===== SUPPLIED INFORMATION

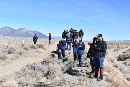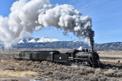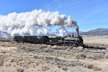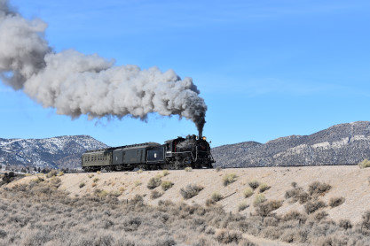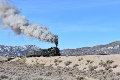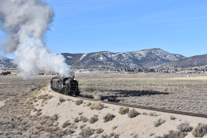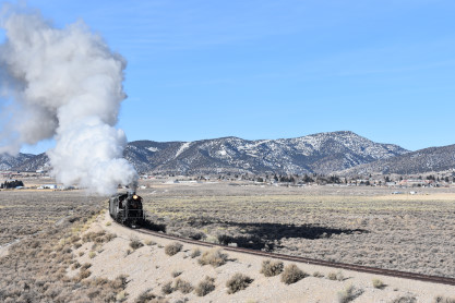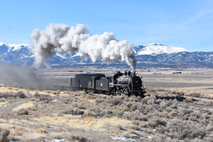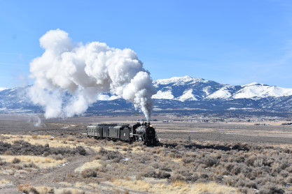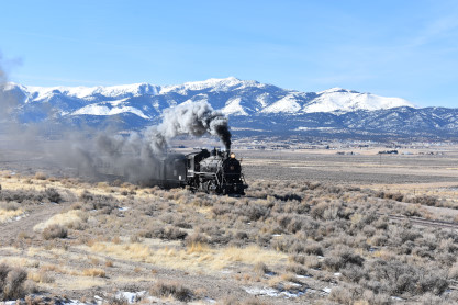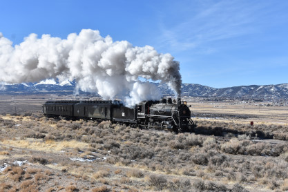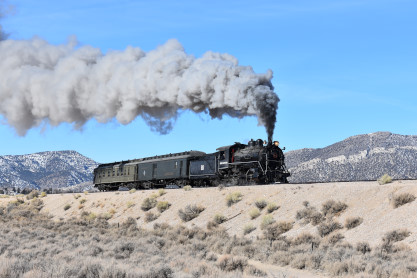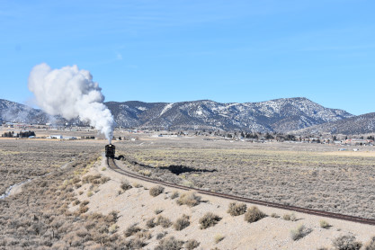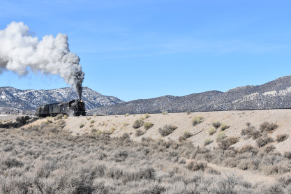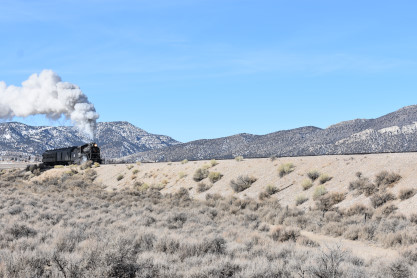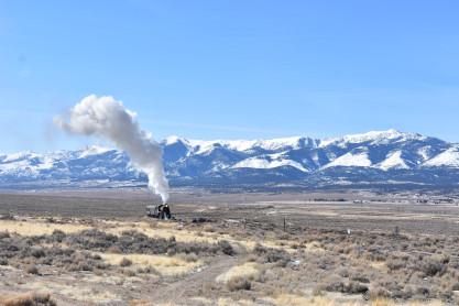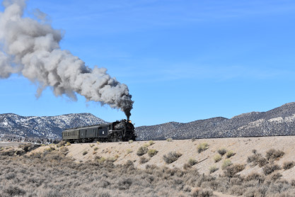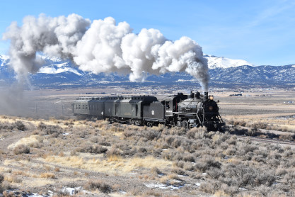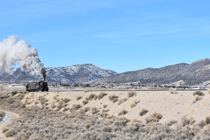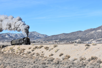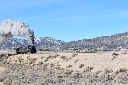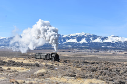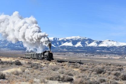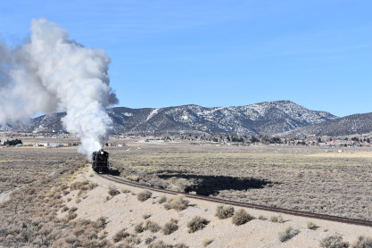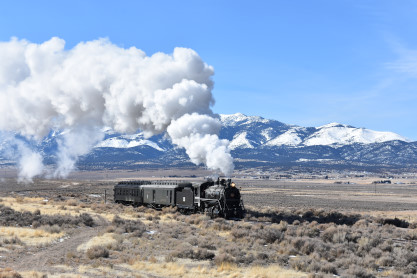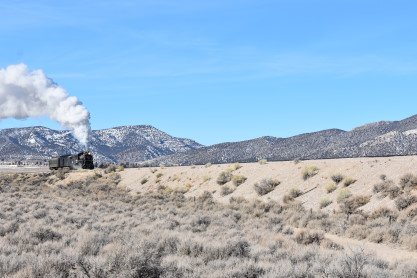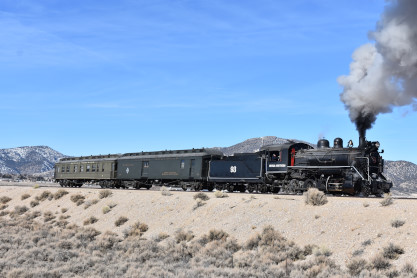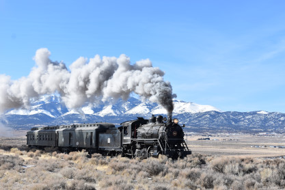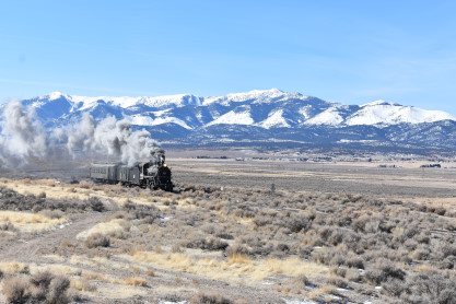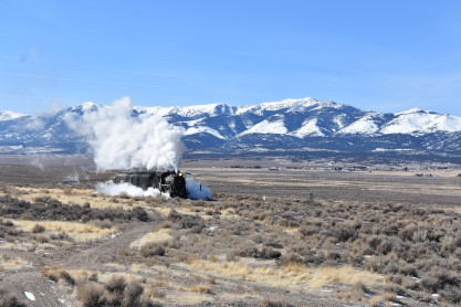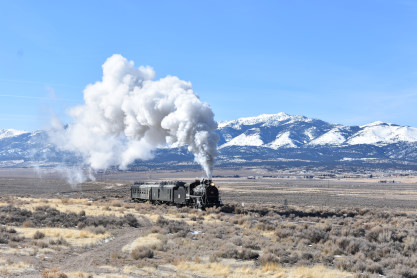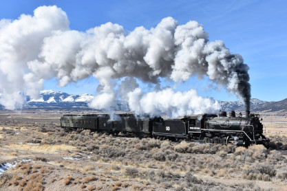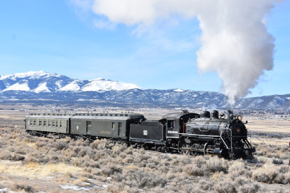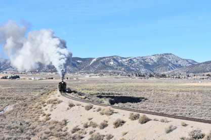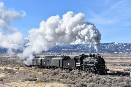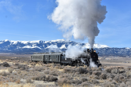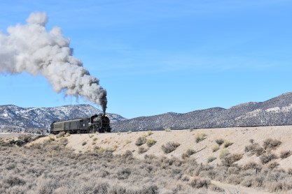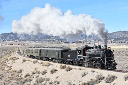 The steam engine on the front of the train. I was the first person aboard the train today and found seats at the rear of combine 5. The equipment had air brake problems which delayed our departure this morning. After one final air test, we departed Ely at 8:52 AM. These cars were unheated but with the sun shining in, they warmed up quite nicely. The train ran out to the Moser Cut and we all detrained for the first photo runby of the day.
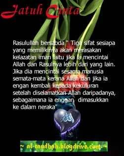 Tetapi jika tidak berhati-hati, cinta boleh membutakan mata hati kita. Seperti sabda Rasulullah SAW yang bermaksud: "Cintamu kepada sesuatu menjadikan kamu buta dan tuli." (Hadis riwayat Abu Daud dan Ahmad)
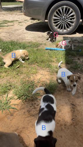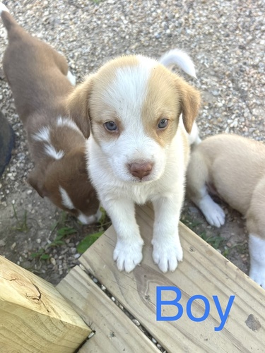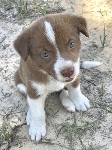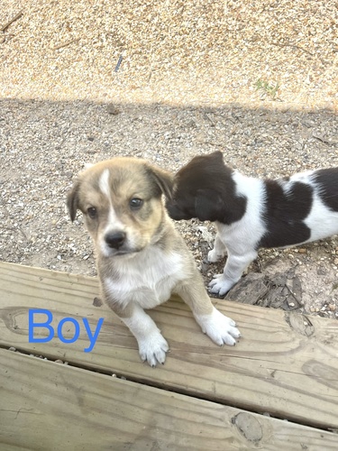 Mom is our full blood red Australian shepherd. Dad is a blue heeler mix from up the road. We have 6 boys/3 girls. Born May 8 and ready to go.
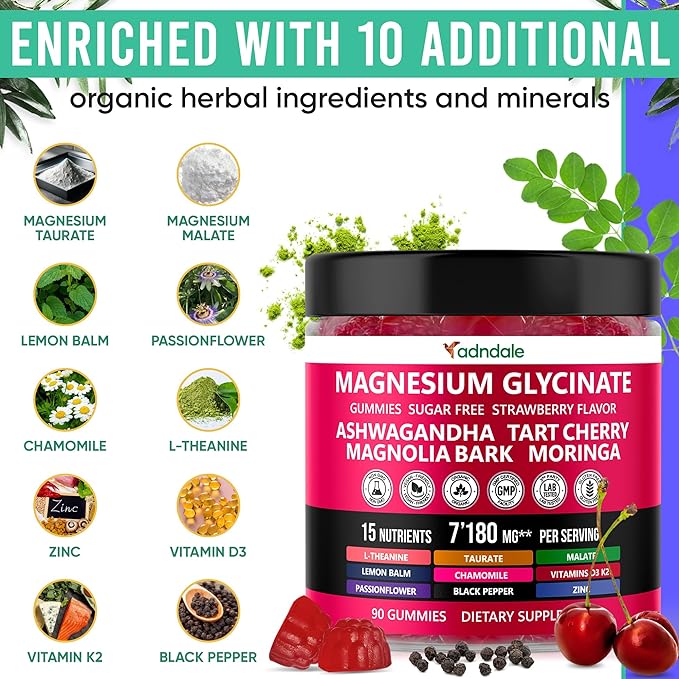 - VEGAN, GLUTEN-FREE GUMMIES FOR THE ENTIRE FAMILY, INCLUDING KIDS: Adndale Magnesium Glycinate Plus+ gummies cater to the entire family, including children, with a vegan-friendly and gluten-free composition. This aligns with dietary preferences and health-conscious lifestyles, providing a convenient means to support relaxation and overall wellness.
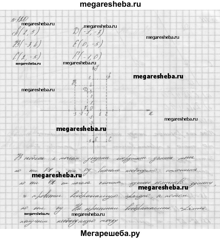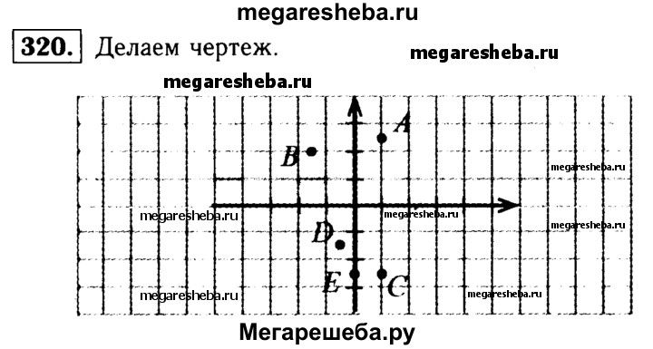 320. Постройте в координатной плоскости точки А(2; 5), В(-3; 4), С (2; -5), D (-1; -3), Е(0; -5), F(-1; 0).
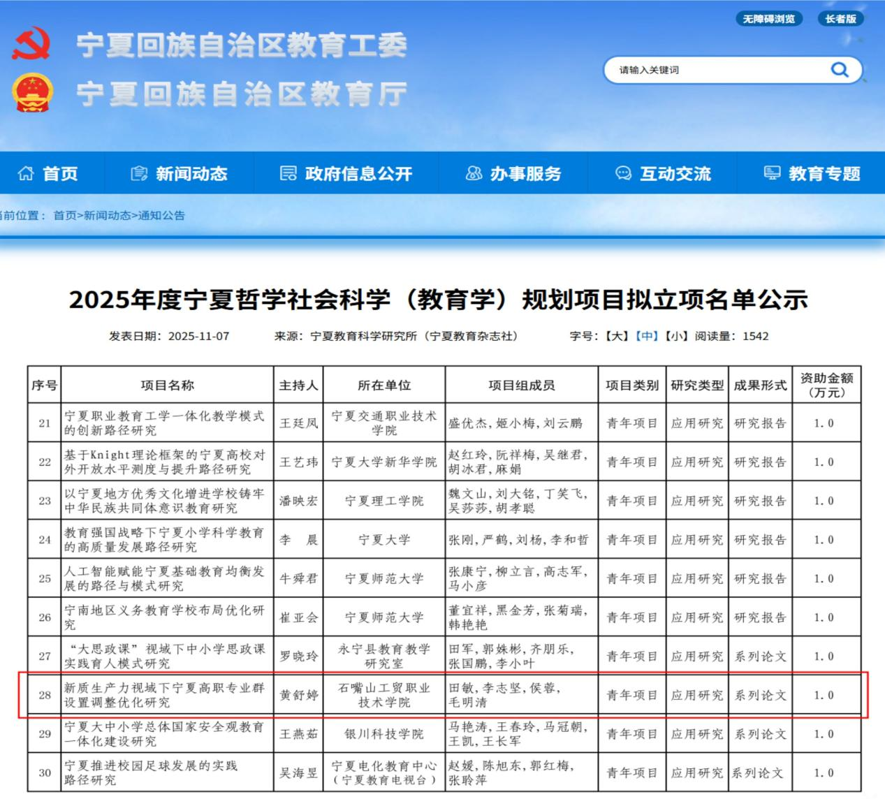 ? 近日,寧夏教育科學(xué)研究所(寧夏教育雜志社)公示了2025年度寧夏哲學(xué)社會科學(xué)(教育學(xué))規(guī)劃項目擬立項名單,石嘴山工貿(mào)職業(yè)技術(shù)...
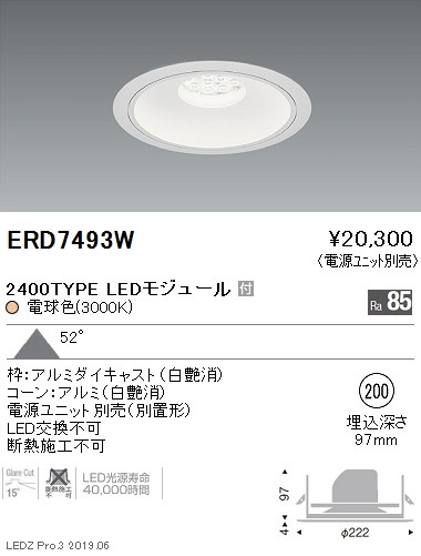 遠藤照明 LEDダウンライト ERD7493W ※電源ユニット別売
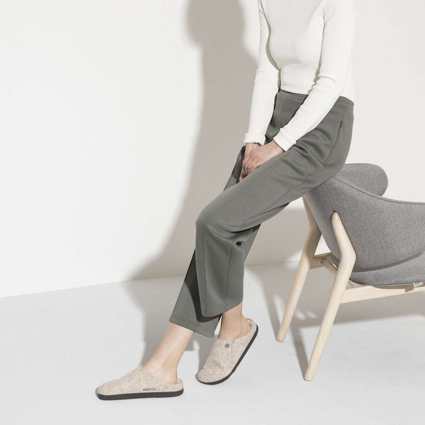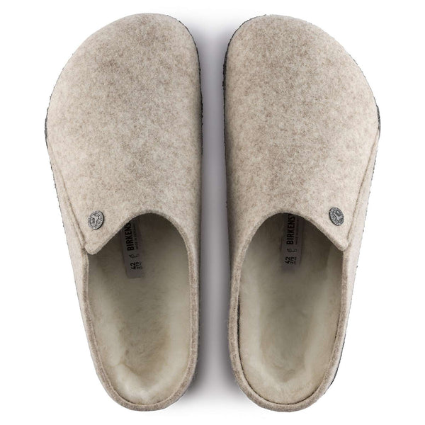 The BIRKENSTOCK Zermatt is our first true slipper. It features our iconic cork latex footbed, and to keep you extra cozy, it’s fully lined in genuine shearling that will keep your feet warm all winter long. The upper consists of soft genuine wool.
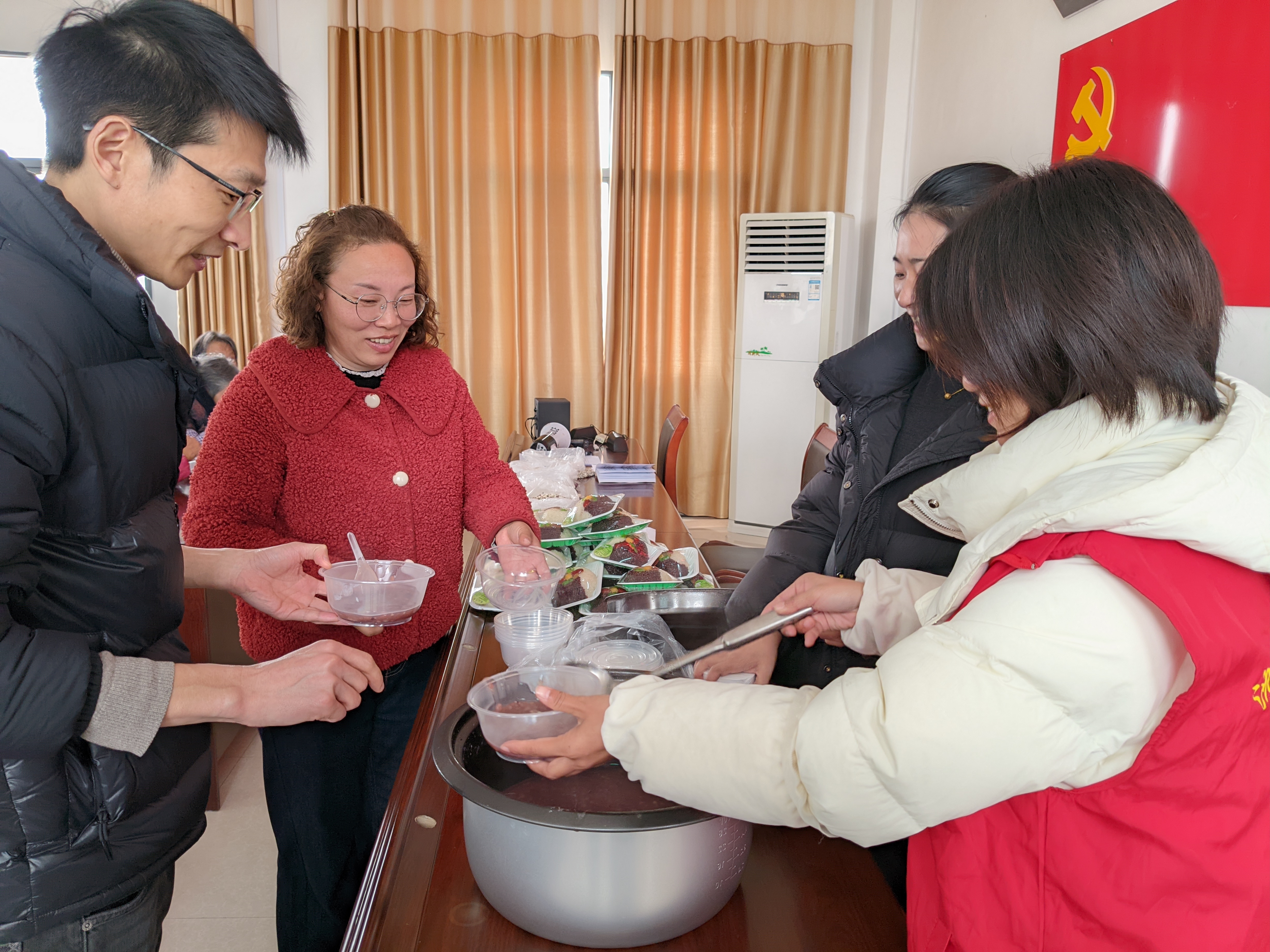当日下午,沈家店村村委会内气氛温馨,村“两委”提前半天,精心准备了热腾腾的腊八粥与软糯可口的八宝饭。本次活动共邀请了三十余名村内60岁以上老党员、困难群众及独居老人代表到场。活动现场,村干部为老人们有序分发节日食品,与他们亲切交流,了解其生活近况与需求,现场洋溢着浓厚的节日温情。
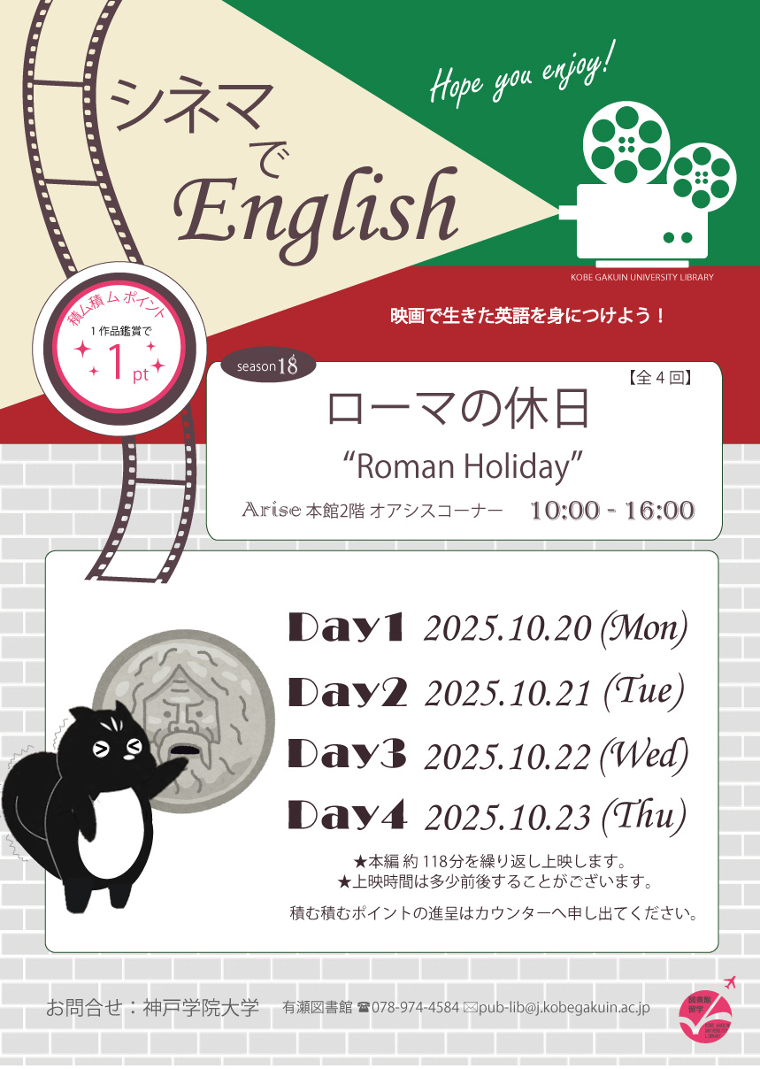 【有瀬館】〈終了〉 シネマでEnglish「ローマの休日」を開催します
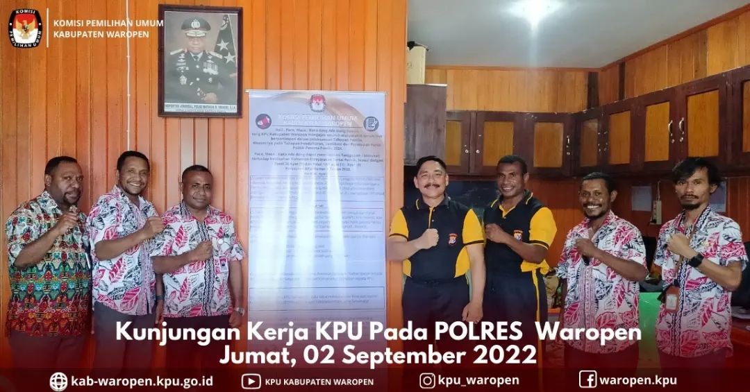 Kunjungan Kerja ini dipimpin oleh Bapak Silas Buinei Anggota KPU Divisi Teknis Penyelenggara Pemilu, Partisipasi dan Hubungan Masyarakat, didampingi oleh Bapak Jhon Soendemi Anggota KPU Divisi Sosialisasi, Pendidikan Pemilh, Partisipasi Masyarakat dan Sumber Daya Manusia, Bapak Yan Duwiri Anggota KPU Divisi Perencanaan, Data dan Informasi dan juga Bapak Horison Thomas Ick selaku Kasubag Teknis beserta 2 staf pelaksana.

==========

## EXERCISE
Leave out the pictures and restate, word for word, the lines from the top of the data through the line containing "Mom is our full", both included.

## EXPECTED OUTPUT
 The steam engine on the front of the train. I was the first person aboard the train today and found seats at the rear of combine 5. The equipment had air brake problems which delayed our departure this morning. After one final air test, we departed Ely at 8:52 AM. These cars were unheated but with the sun shining in, they warmed up quite nicely. The train ran out to the Moser Cut and we all detrained for the first photo runby of the day.
 Tetapi jika tidak berhati-hati, cinta boleh membutakan mata hati kita. Seperti sabda Rasulullah SAW yang bermaksud: "Cintamu kepada sesuatu menjadikan kamu buta dan tuli." (Hadis riwayat Abu Daud dan Ahmad)
 Mom is our full blood red Australian shepherd. Dad is a blue heeler mix from up the road. We have 6 boys/3 girls. Born May 8 and ready to go.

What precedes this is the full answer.